**TASK DETAILS:**
Please return only the lines from the one with "副院长舒亮先后发言,详细汇报" through the final line of the data, unchanged, with pictures omitted.

**DATA BELOW:**

________________________________________

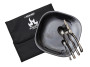 Každý správny rybár si určite na každej výprave dopraje poriadne jedlo, ktoré si pripraví a vychutná priamo na brehu vody. Neoceniteľný doplnok na vychutnanie takéhoto jedla je táto štýlová sada taniera a príborov Blackfire Dinning Set. Sada príborov je vyrobená z nerezovej ocele obsahuje nôž, vidličku, lyžicu a čajovú lyžičku. Tanier je vyrobený z odolného plastu so špeciálnou povrchovou úpravou a dizajnom Blackfire. Dodáva sa v praktickom prepravnom puzdre. Sada je tak celkovo veľmi odolná, má štýlovú povrchovú úpravu Blackfire a laserom leptané detaily.
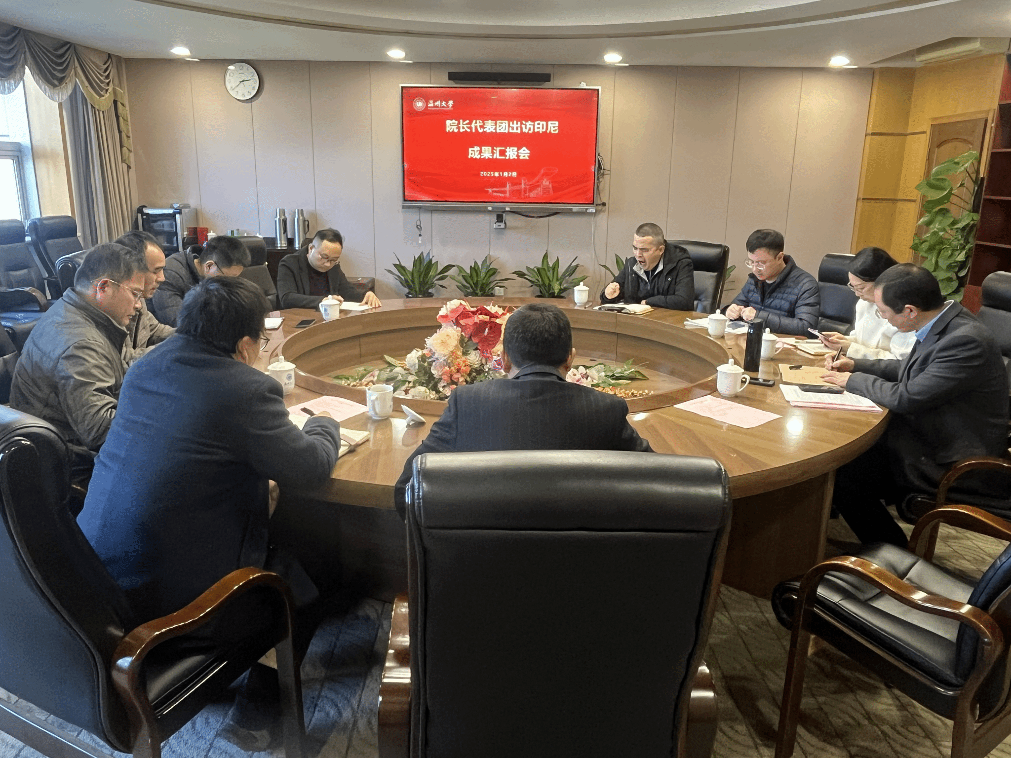 副院长舒亮先后发言,详细汇报了代表团在印尼青山工业园区和塔杜拉科大学的交流情况,并提出了下一步加强与印尼中资企业和高校合作的思路。
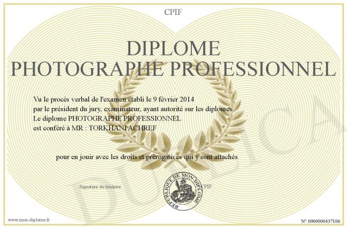 Envoyez par email votre diplôme PHOTOGRAPHE PROFESSIONNEL personalisé
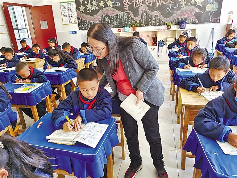 廣東省第三批“組團(tuán)式”教育援藏隊員韓詠梅在察隅縣小學(xué)授課。

________________________________________

**EXERCISE RESULT:**
 副院长舒亮先后发言,详细汇报了代表团在印尼青山工业园区和塔杜拉科大学的交流情况,并提出了下一步加强与印尼中资企业和高校合作的思路。
 Envoyez par email votre diplôme PHOTOGRAPHE PROFESSIONNEL personalisé
 廣東省第三批“組團(tuán)式”教育援藏隊員韓詠梅在察隅縣小學(xué)授課。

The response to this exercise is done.